Da casa onde foi criado, que hoje pertence a outros parentes, seu Marco Aurélio via o campinho onde o filho dividia as atenções com a bola e a pipa. Brincadeira que até hoje o meia não dispensa. E pelas mãos do pai, peladeiro desde a juventude, Diego Souza foi levado a seu futuro com apenas cinco anos.
- Eu montei uma escolinha de futebol no campinho. Na época, trabalhava numa multinacional de bebidas que patrocinou a ida dos campeões de 70 à Copa da Itália, em 1990. Trouxe várias bolas assinadas por aqueles craques para cá. Desde guri, ele sempre gostou de futebol e queria ser jogador. Mas a escolinha não deu muito certo - relembra o pai.
Dispensa do Flamengo
Da pelada, o destino foi o salão. Sempre na Ilha do Governador. Primeiro na Portuguesa, depois no clube ASCAER (Associação dos Servidores Civis da Aeronáutica). A habilidade do menino chamou a atenção. Um amigo da família levou Diego para um núcleo do rubro-negro em Bangu. Ele fez testes, peneiras, mas o jeito peladeiro de jogar não agradou ao treinador da época. Mesmo assim, conseguiu ficar treinando com o juvenil.

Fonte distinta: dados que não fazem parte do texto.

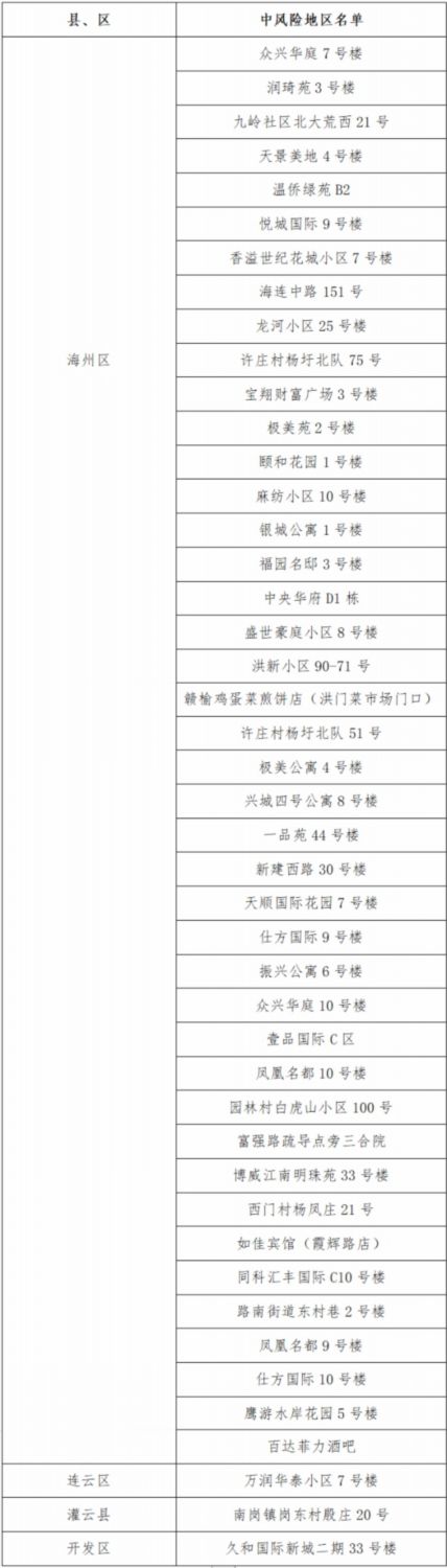 連云港已有45個中風(fēng)險地區(qū) 分布在4個縣區(qū)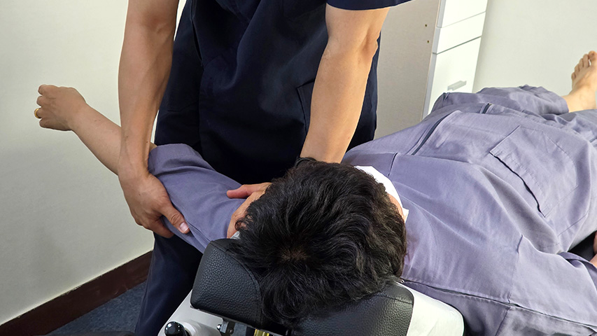 경험 많은 한의사가 수기로, 손에서 팔, 경추까지 연결부위의 교정,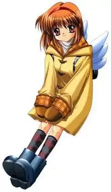 Ayu Tsukimiya (月宮 あゆ, Tsukimiya Ayu) is a fictional character and the main heroine in Key's adult visual novel Kanon, followed closely by Nayuki Minase who is the only Kanon heroine to appear with Ayu on three of the official game covers released by Key.[1] Ayu was created by Naoki Hisaya who wrote her scenario for the visual novel, and designed by Itaru Hinoue.[2] Hisaya commented on how he thought Ayu was the one character in Kanon that he felt he grasped the best, but noted it was very difficult to write her character due to Ayu being primarily energetic.[2] After Hinoue drew wings on Ayu's backpack, Hisaya suggested that they remove them due to spoiler reasons, and while Hinoue went along with it at the time, the wings were later included once again.[2]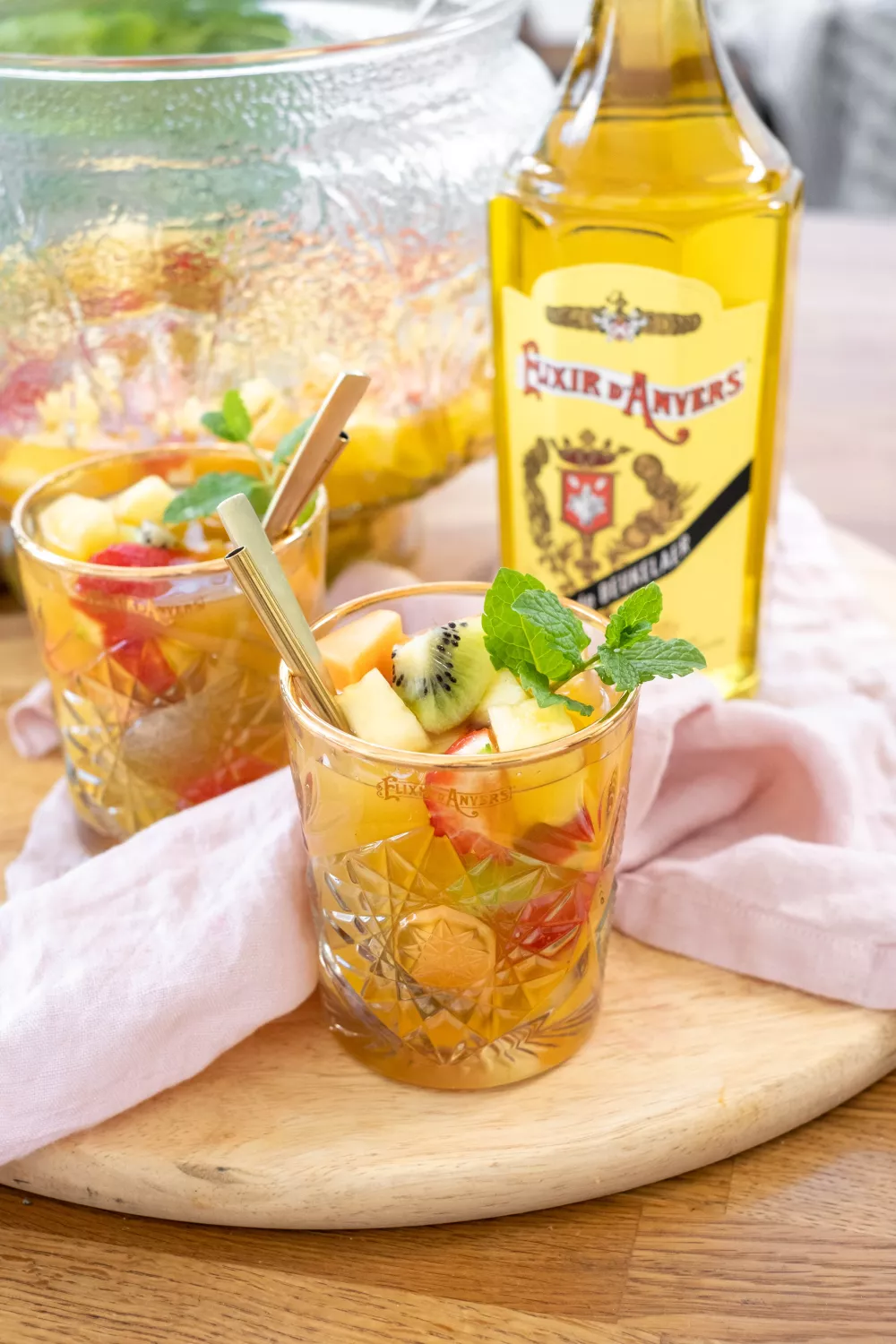 Schil het fruit (behalve de aardbeien) en snijd het in stukjes. Doe de stukjes in een grote karaf en overgiet ze met het multivruchtensap, de witte wijn en de Elixir d’Anvers. Laat een uurtje trekken in de koelkast zodat alle smaken zich kunnen vermengen.

- O treinador do juvenil gostou dele, e Diego ficou lá por quatro meses para se condicionar melhor - disse o pai, rubro-negro assumido, mas que já vestiu a casaca pelo filho.
Como sempre o destino de Diego Souza não poderia estar longe da Ilha. Ou melhor, do campinho onde tudo começou. Amigo de pelada de seu Marco Aurélio, Jairo Leal, então auxiliar-técnico de Carlos Alberto Parreira no Fluminense, conseguiu um teste para Diego em Xerém. Aos 15 anos, ele chegou ao centro de treinamento tricolor, para jogar no primeiro time de juvenil, ao lado de Carlos Alberto.
Mesmo já na base do Fluminense, Diego Souza sofria nas mãos do pai no campo do Mordomia. Quando não estava treinando em Xerém, o gramado das peladas servia para os treinos improvisados de seu Marco Aurélio, com garrafas pets, bolas e o que mais servisse.
- Ele reclamava muito, dizia que eu estava arrancando o coro dele.
Mas a crença no dom do filho o impedia de ouvir os apelos:
- Quando ele realmente se "federou", passei a ser mais duro com ele. Não saía tanto como antes. Mas como ele gostava de jogar bola, era disciplinado para isso e não dava tanto trabalho assim.
Disciplina só para treinar
Bem diferente da escola. No Colégio Lemos Cunha, muito conhecido na Ilha, conseguiu terminar o ensino médio. Aos trancos e barrancos.
- Foi péssimo na escola, nunca gostou de estudar. Quando era mais novo, eu ficava mais em cima. Depois, o colégio mudou para o sistema construtivista. Aí, ele aproveitou a liberdade - admite o pai.
O dia a dia na Ilha do Governador e na casa dos pais foi interrompido bem cedo. Em 2005, aos 19 anos, Diego ganhou o mundo, foi para o Benfica, de Portugal em 2005, já casado com a namorada da adolescência, Luciana.
- Ter casado cedo ajudou ele a se manter na linha. Imagine se fosse solteiro agora - questiona o pai.
Agora é Diego quem cuida da família. Comprou uma casa maior na Ilha para seu Marco Aurélio e dona Lita e os irmãos Diogo, de 24, e Douglas, de 16, morarem. O meia, que hoje vive na Barra da Tijuca com a mulher, que está grávida de Manuela, e o filho Davi, de 3 anos, achava que os pais não iriam se adaptar longe dos amigos. Mas, como bom insulano, foi um jeito de não ficar longe das origens e da pelada no campinho da Estrada Rio-Jequiá.